EXERCISE: Lines from the one containing "董事長王誠榮獲泰山區(qū)" through the last line of the data are to be repeated word for word, both ends included.

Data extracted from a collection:
==*==

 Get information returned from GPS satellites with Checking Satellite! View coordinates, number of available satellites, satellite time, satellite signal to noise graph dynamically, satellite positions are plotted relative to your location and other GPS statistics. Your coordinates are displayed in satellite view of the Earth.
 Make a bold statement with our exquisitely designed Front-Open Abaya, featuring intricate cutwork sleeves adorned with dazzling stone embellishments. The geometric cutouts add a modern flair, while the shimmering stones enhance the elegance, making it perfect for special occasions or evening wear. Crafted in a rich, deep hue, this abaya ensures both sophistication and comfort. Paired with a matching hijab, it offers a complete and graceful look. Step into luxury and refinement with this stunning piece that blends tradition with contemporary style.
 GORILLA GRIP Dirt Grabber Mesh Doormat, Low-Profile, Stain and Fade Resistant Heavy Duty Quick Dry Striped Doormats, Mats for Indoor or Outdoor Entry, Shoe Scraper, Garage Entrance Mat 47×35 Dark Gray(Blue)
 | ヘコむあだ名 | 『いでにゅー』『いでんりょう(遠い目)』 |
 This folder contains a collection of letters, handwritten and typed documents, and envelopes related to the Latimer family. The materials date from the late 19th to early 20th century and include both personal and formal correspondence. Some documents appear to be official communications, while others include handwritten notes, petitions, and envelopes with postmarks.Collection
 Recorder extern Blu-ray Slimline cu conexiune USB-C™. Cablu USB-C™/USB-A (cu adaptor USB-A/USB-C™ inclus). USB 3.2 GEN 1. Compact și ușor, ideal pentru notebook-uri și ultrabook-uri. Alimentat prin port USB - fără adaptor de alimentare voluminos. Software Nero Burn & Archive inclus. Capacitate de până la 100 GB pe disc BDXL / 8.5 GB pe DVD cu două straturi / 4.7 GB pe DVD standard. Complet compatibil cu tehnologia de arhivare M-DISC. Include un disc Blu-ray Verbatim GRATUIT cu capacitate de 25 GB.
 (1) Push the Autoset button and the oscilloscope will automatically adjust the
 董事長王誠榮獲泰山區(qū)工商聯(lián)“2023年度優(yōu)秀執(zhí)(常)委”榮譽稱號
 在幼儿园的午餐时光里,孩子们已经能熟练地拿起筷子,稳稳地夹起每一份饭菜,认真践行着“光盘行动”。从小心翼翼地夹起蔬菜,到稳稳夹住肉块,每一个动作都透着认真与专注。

==*==

TASK ANSWER:
 董事長王誠榮獲泰山區(qū)工商聯(lián)“2023年度優(yōu)秀執(zhí)(常)委”榮譽稱號
 在幼儿园的午餐时光里,孩子们已经能熟练地拿起筷子,稳稳地夹起每一份饭菜,认真践行着“光盘行动”。从小心翼翼地夹起蔬菜,到稳稳夹住肉块,每一个动作都透着认真与专注。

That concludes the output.